Work instructions — Look below for the lines from the one with "店内所售商品跟大多普通生活超" to the one with "安徽六安霍邱鹅肝养殖企业负责", and copy exactly those lines, both ends included.

Provided entries —
+ + + + + + +
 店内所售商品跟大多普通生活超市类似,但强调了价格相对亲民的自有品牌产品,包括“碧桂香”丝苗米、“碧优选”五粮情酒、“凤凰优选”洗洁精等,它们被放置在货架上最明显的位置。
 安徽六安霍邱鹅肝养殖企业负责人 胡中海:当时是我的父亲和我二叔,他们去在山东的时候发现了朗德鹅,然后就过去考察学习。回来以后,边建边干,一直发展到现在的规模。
+ + + + + + +
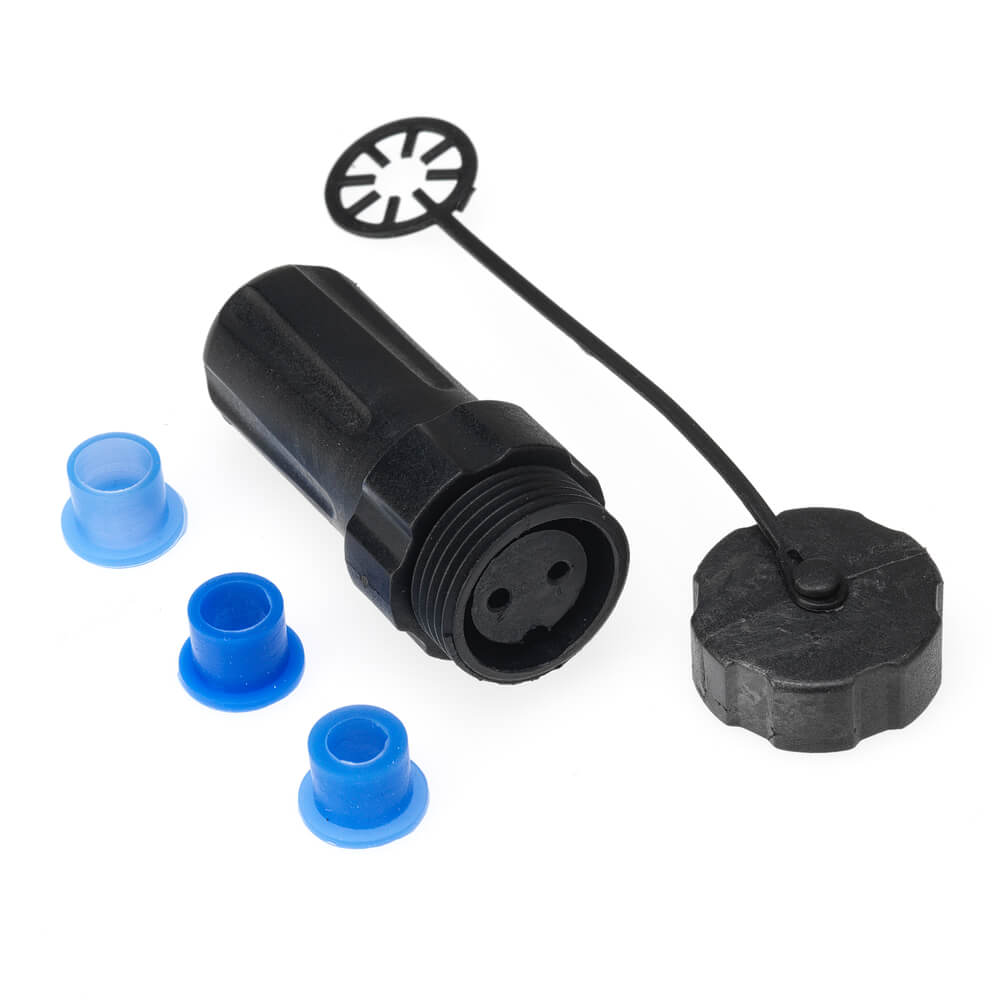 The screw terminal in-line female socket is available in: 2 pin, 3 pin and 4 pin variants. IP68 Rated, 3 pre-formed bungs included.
+ + + + + + +
Finished exercise —
 店内所售商品跟大多普通生活超市类似,但强调了价格相对亲民的自有品牌产品,包括“碧桂香”丝苗米、“碧优选”五粮情酒、“凤凰优选”洗洁精等,它们被放置在货架上最明显的位置。
 安徽六安霍邱鹅肝养殖企业负责人 胡中海:当时是我的父亲和我二叔,他们去在山东的时候发现了朗德鹅,然后就过去考察学习。回来以后,边建边干,一直发展到现在的规模。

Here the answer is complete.